Parce que j'ai aussi mes rôles.
Un homme politique, son rôle c'est de rouler ses adversaires dans la farine (rire).
Partout dans le monde, les hommes politiques qui comptent ont toujours un petit surnom.
J'ai espoir que je serai malgré tout ce que les hommes politiques pensent, parce que pour faire la politique, on ne vous demande pas pardon, nous sommes tous volontaires.
Nous venons et nous vendons notre marchandise.
Chacun d'entre-nous dit qu'il est le meilleur pour diriger le pays.
Le moins qu'on puisse faire, c'est de vous donner quelques surnoms.
Donc je vous ai dit ce que j'en pense.
Je ne pense rien de mauvais, au contraire, j'estime même que ce sont des surnoms élogieux parce que quand on peut rouler dans la farine tous ces.
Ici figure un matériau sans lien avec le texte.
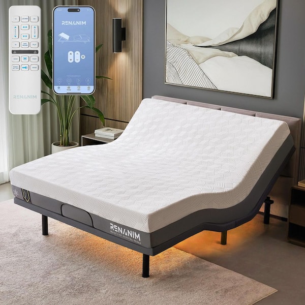 Gray King Adjustable Bed Frame + 10" Cooling Gel Memory Foam Mattress-Massage, USB, Under Bed Light, APP, Remote

C'est cela aussi le métier.
Maintenant, en ce qui concerne ma rencontre avec Sarkozy à Washington ou à New York.
Mais ce n'est pas pour le voir que je suis là, ce n'est pas pour le voir que je suis venu.
Non, je veux dire qu'il ne faudrait pas qu'on personnalise les problèmes des rapports entre la France et la Côte d'Ivoire.
Ces rapports-là ont eu un grand coup de pied à cause de leurs trop grandes personnalités par le passé.
Les rapports entre deux pays sont des rapports entre deux groupes d'intérêts.
Et notre rôle à nous, c'est de faire en sorte que les intérêts de la Côte d'Ivoire et ceux de la France sur beaucoup de sujets puissent aller dans les mêmes sens, et par conséquent, il faut travailler ensemble pour que nous puissions avancer ensemble.
Et comme, c'est la Côte d'ivoire qui est le pays le plus faible, je ferai en sorte qu'on le fasse et que nous avons tout à gagner à coopérer avec les nations plus développées, notamment avec la France avec laquelle nous avons des données historiques etc.
Mais, comprenez que dans ma tête, il y a une personnalisation extrême des rapports.
Maintenant pour répondre de façon précise à votre question, j'ai rencontré Sarkozy dans la salle de conseil de sécurité et il venait vers moi, on s'est salué, on s'est serré la main, on a échangé quelques mots mais bon c'est la politesse élémentaire entre deux chefs d'Etat qui se sont téléphonés.
Il n'y a pas de drame entre Nicolas Sarkozy et moi, il n'y pas de drame, il n'y a pas de tension, il n'y a aucun problème donc je vous dis ça pour qu'on ne dise pas mais il n'a pas répondu à la question.
Il ne faut pas que ce soit un drame, on s'est salué, dans la salle de sécurité, on a causé.
Mais je voudrais vous dire que vraiment, il faut qu'on cesse de personnaliser les rapports diplomatiques entre un pays et un autre pays.
Il faut qu'on cesse de pousser à l'extrême.
Maintenant, si au cours du travail on peut devenir amis, c'est tant mieux.
Et il est bon qu'on devienne ami.
Mais seulement il ne faut pas qu'on crée des drames, là où il n'y en a pas, il ne faut pas qu'on crée des problèmes là où il n'y en a pas, il ne faut pas qu'on crée des tensions là où il n'y en a pas.
Maintenant, je peux changer de surnom pour devenir le pâtissier parce que le pâtissier fait de bons gâteaux.